_Your goal:_
Output the records exactly, and drop each picture.

Start of Extracted information

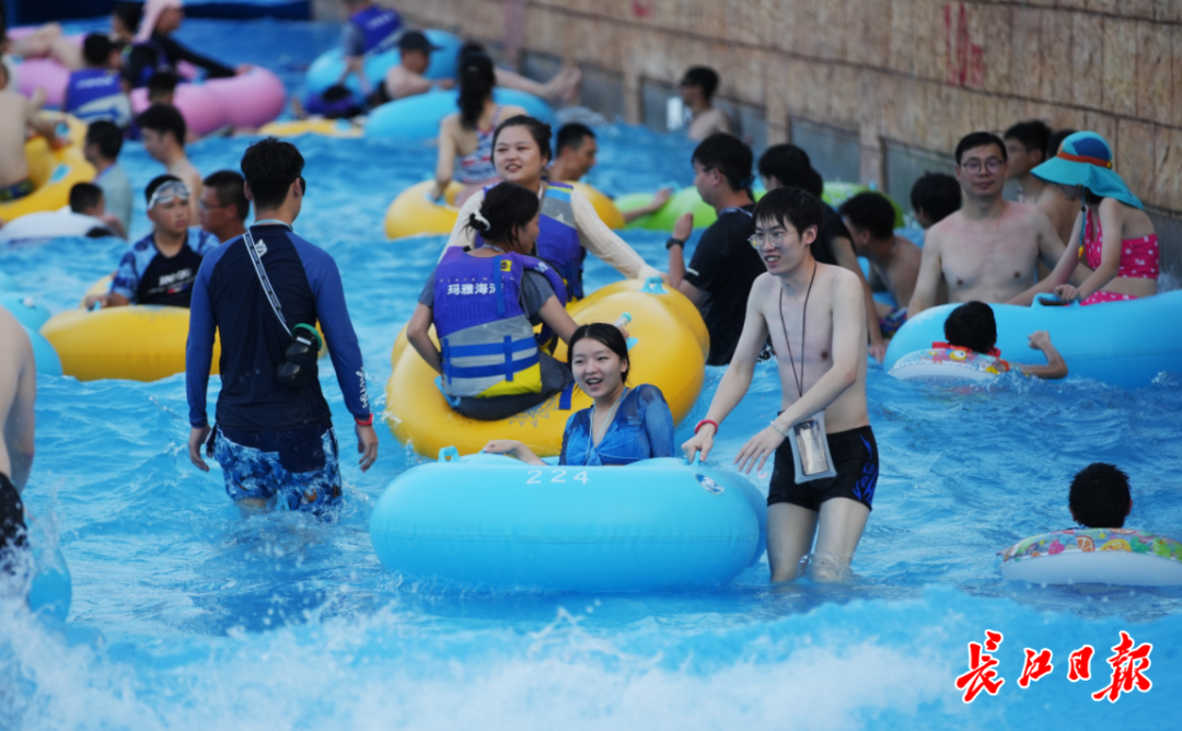 午后,位于东湖北岸的玛雅海滩水公园,已是人声鼎沸。巨大的“玛雅水寨”成为欢乐的中心,无论是大人小孩都在刺激的滑道和翻斗桶下尖叫穿梭,玩乐中激起的巨大水花引来阵阵欢笑。加勒比冲浪区,人造海浪一波波涌来,游客们随着节奏跳跃、漂浮,仿佛置身热带海洋。年轻人偏爱刺激“大喇叭”和“垂直滑道”等游乐项目,高速俯冲带来的失重感与瞬间入水的清凉,交织成夏日最畅快的释放。园区内,彩色泳衣、颜色各异的泳圈与湛蓝的水面构成一幅活力四射的画卷。
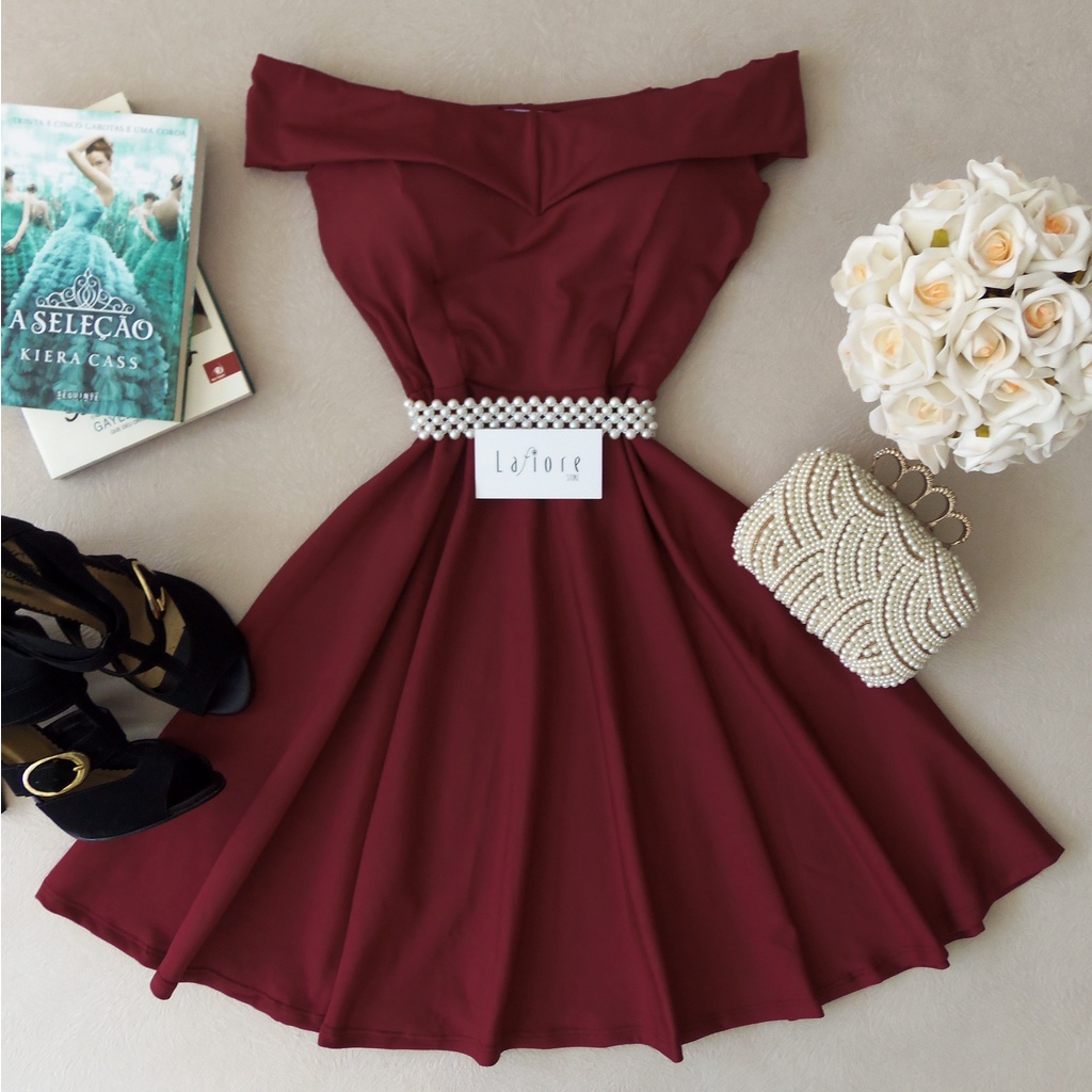 Vestido Vinho Rodado Cigana Ombro A Ombro Bord Saia Rodada Very well made.
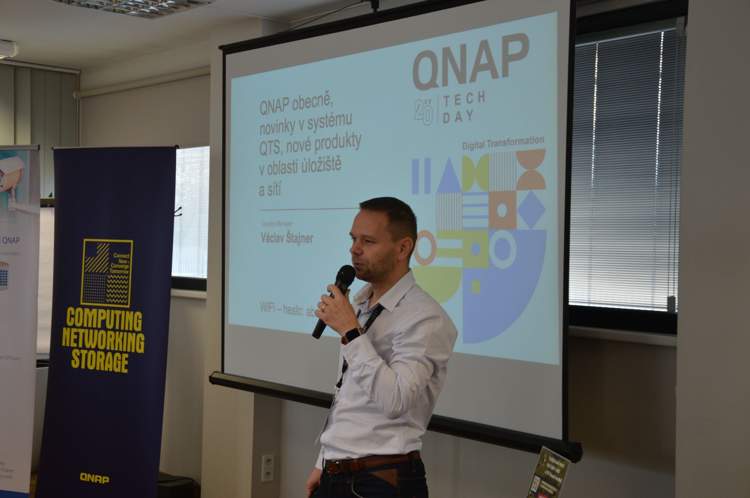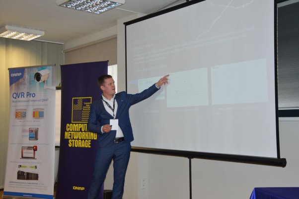 Konferenci zahájil Václav Štajner, country manager QNAPu pro Českou republiku, který se následně ihned zhostil také první naplánované prezentace, jejímž cílem bylo hosty seznámit s nejdůležitějšími novinkami. Kromě toho, že QNAP aktuálně nabízí široké portfolio úložišť pokrývající klíčové zákaznické segmenty (domácnosti, SMB i enterprise), můžeme v jeho nabídce najít také další produkty, nejčastěji síťové prvky a další doplňky. Přesah můžeme sledovat např. také do segmentu videodohledových řešení a dalších oblastí.
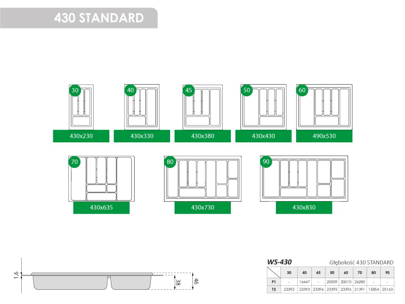Wkład do szuflady 60/430 STANDARD WS-430 1,6 T1 biały
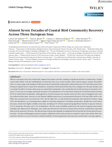 Almost seven decades of coastal bird community recovery across three European seas.
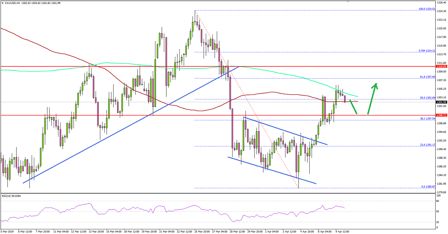 Moreover, there was a break above a crucial decliningchannel with resistance at $1,292 on the same chart, opening the doors for moregains. Recently, the price broke the $1,300 resistance, the 100 simple movingaverage (red, 4-hours) and the 50% Fib retracement level of the last declinefrom the $1,324 high to $1,280 low.
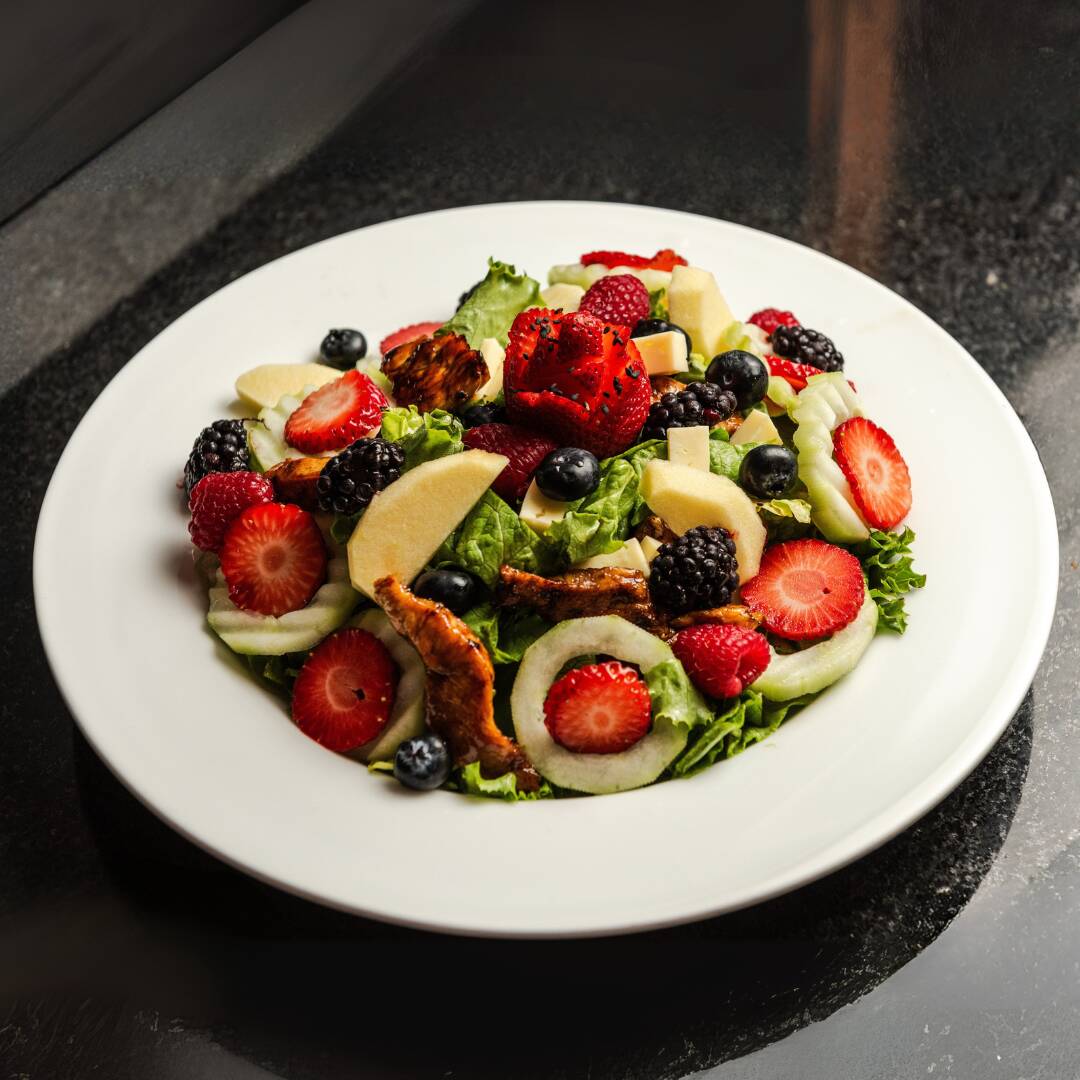 Lechuga sangría, manzana, pepino, zarzamora, fresa, arándanos, pollo a la plancha y cubitos de queso manchego acompañada de salsa de frutos rojos.
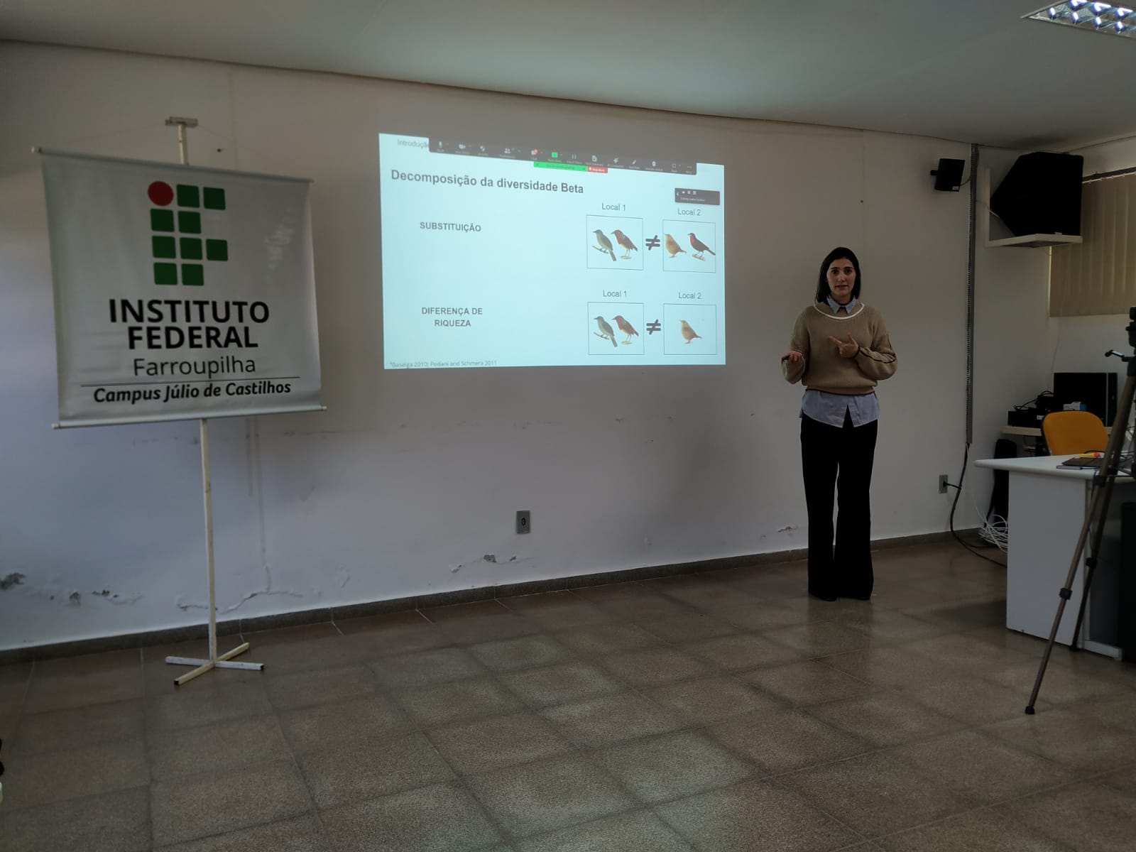 A defesa ocorreu em formato híbrido, com apresentação presencial no auditório do prédio A do IFFar-JC e transmissão simultânea pela plataforma Zoom. Participaram 26 pessoas, sendo nove presencialmente e 17 remotamente. A banca avaliadora foi composta por pesquisadores de destaque: a Dra. Ana Filipa Palmeirim (Portugal), professora visitante da Universidade Federal do Pará (UFPA); o Dr. Sérgio Henrique Borges (UFAM); e o Dr. Franchesco Della Flora (IFFar JC). Após a apresentação e a arguição, a dissertação foi aprovada por unanimidade, com elogios à qualidade do trabalho desenvolvido.

End of Extracted information

_Output for this exercise:_
 午后,位于东湖北岸的玛雅海滩水公园,已是人声鼎沸。巨大的“玛雅水寨”成为欢乐的中心,无论是大人小孩都在刺激的滑道和翻斗桶下尖叫穿梭,玩乐中激起的巨大水花引来阵阵欢笑。加勒比冲浪区,人造海浪一波波涌来,游客们随着节奏跳跃、漂浮,仿佛置身热带海洋。年轻人偏爱刺激“大喇叭”和“垂直滑道”等游乐项目,高速俯冲带来的失重感与瞬间入水的清凉,交织成夏日最畅快的释放。园区内,彩色泳衣、颜色各异的泳圈与湛蓝的水面构成一幅活力四射的画卷。
 Vestido Vinho Rodado Cigana Ombro A Ombro Bord Saia Rodada Very well made.
 Konferenci zahájil Václav Štajner, country manager QNAPu pro Českou republiku, který se následně ihned zhostil také první naplánované prezentace, jejímž cílem bylo hosty seznámit s nejdůležitějšími novinkami. Kromě toho, že QNAP aktuálně nabízí široké portfolio úložišť pokrývající klíčové zákaznické segmenty (domácnosti, SMB i enterprise), můžeme v jeho nabídce najít také další produkty, nejčastěji síťové prvky a další doplňky. Přesah můžeme sledovat např. také do segmentu videodohledových řešení a dalších oblastí.
Wkład do szuflady 60/430 STANDARD WS-430 1,6 T1 biały
 Almost seven decades of coastal bird community recovery across three European seas.
 Moreover, there was a break above a crucial decliningchannel with resistance at $1,292 on the same chart, opening the doors for moregains. Recently, the price broke the $1,300 resistance, the 100 simple movingaverage (red, 4-hours) and the 50% Fib retracement level of the last declinefrom the $1,324 high to $1,280 low.
 Lechuga sangría, manzana, pepino, zarzamora, fresa, arándanos, pollo a la plancha y cubitos de queso manchego acompañada de salsa de frutos rojos.
 A defesa ocorreu em formato híbrido, com apresentação presencial no auditório do prédio A do IFFar-JC e transmissão simultânea pela plataforma Zoom. Participaram 26 pessoas, sendo nove presencialmente e 17 remotamente. A banca avaliadora foi composta por pesquisadores de destaque: a Dra. Ana Filipa Palmeirim (Portugal), professora visitante da Universidade Federal do Pará (UFPA); o Dr. Sérgio Henrique Borges (UFAM); e o Dr. Franchesco Della Flora (IFFar JC). Após a apresentação e a arguição, a dissertação foi aprovada por unanimidade, com elogios à qualidade do trabalho desenvolvido.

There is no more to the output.